Which categories are the categories of models of a Lawvere theory?  Background: a Lawvere theory $T$ is a category with finite products such that each object is a power of a fixed object $x$. Given a Lawvere theory $T$, the category $\text{Mod}_T$ of models of $T$ is the category of product-preserving functors $T \to \text{Set}$. Any such category is locally finitely presentable (if I'm not mistaken). Gabriel-Ulmer duality says, among other things, that locally finitely presentable categories are categories of models of generalizations of Lawvere theories. Do we have something like this result for categories of models of Lawvere theories (in the sense that we can identify some categorical properties that are satisfied precisely by such categories)? 
 A: Adámek and Rosický [On sifted colimits and generalized varieties] have shown that a category $\mathcal{C}$ is equivalent to the category of models for a (finitary) Lawvere theory in $\mathbf{Set}$ if and only if it satisfies these conditions:


*

*$\mathcal{C}$ is locally small and cocomplete.

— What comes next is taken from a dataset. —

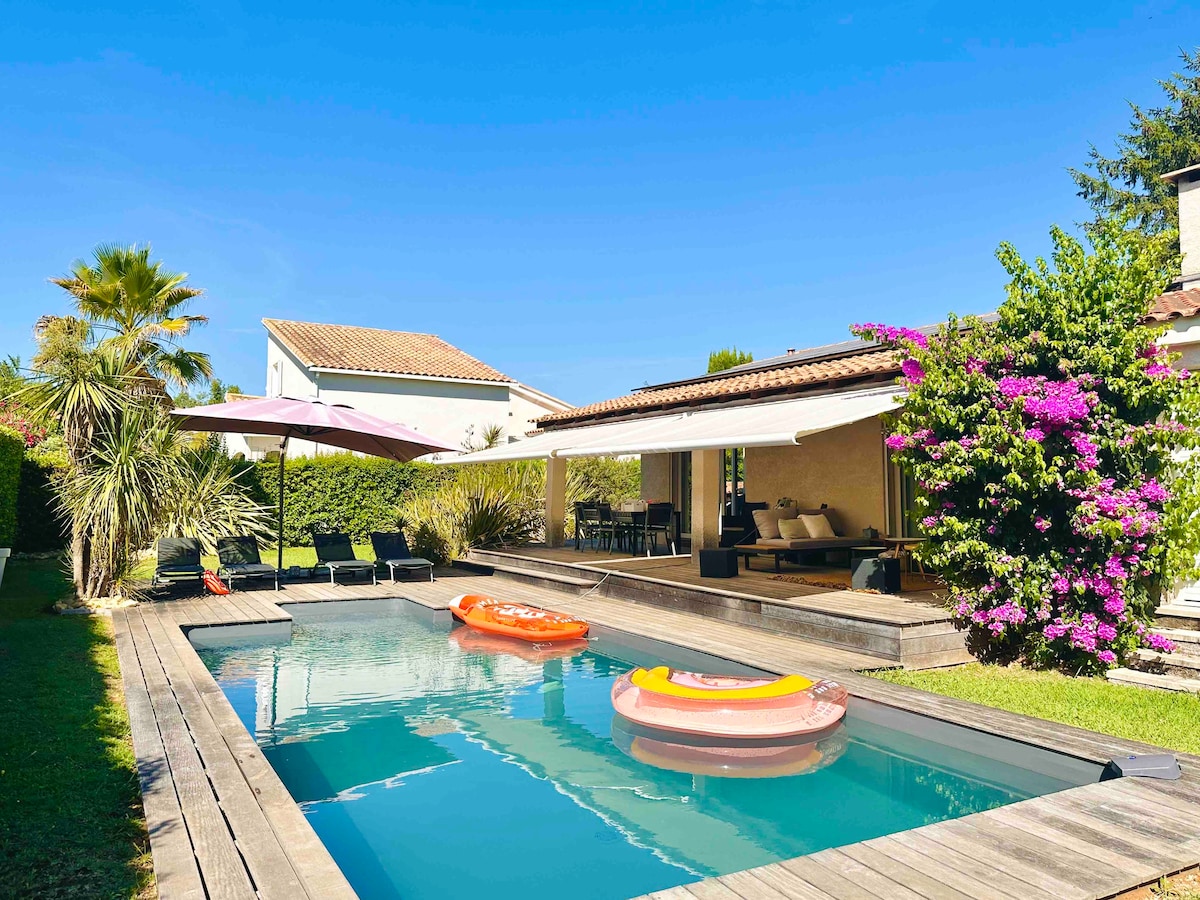 Dépendance 27m2 , facon suite parentale à côté de notre villa. piscine en partage avec la maison. Entree privee pas de mur mitoyen avec la villa Une terrasse avec table sous la pergola vous est réservée. linge de lit mis à votre disposition . Ce n’est pas un studio, donc il n y a pas de vraie cuisine ni evier. Cependant l’espace au fond est équipé d’un frigo/ congelateur, micro onde , machine à café, grille pain, vaisselle. Sucre, thé, capsules café à disposition.

*There exists a small family $\mathcal{G}$ of objects in $\mathcal{C}$ such that, for every object $G$ in $\mathcal{G}$, the hom-functor $\mathcal{C}(G, -) : \mathcal{C} \to \mathbf{Set}$ preserves sifted colimits, and for every object $A$ in $\mathcal{C}$, there exists a small sifted diagram of objects in $\mathcal{G}$ whose colimit in $\mathcal{C}$ is $A$.


These conditions are easily seen to be analogues of the conditions for $\mathcal{C}$ to be locally finitely presentable, except for replacing "filtered" (or "directed") everywhere by "sifted". 
Incidentally, any such $\mathcal{C}$ is locally finitely presentable, and we may also replace "cocomplete" in condition (1) with "complete", just as for locally finitely presentable categories.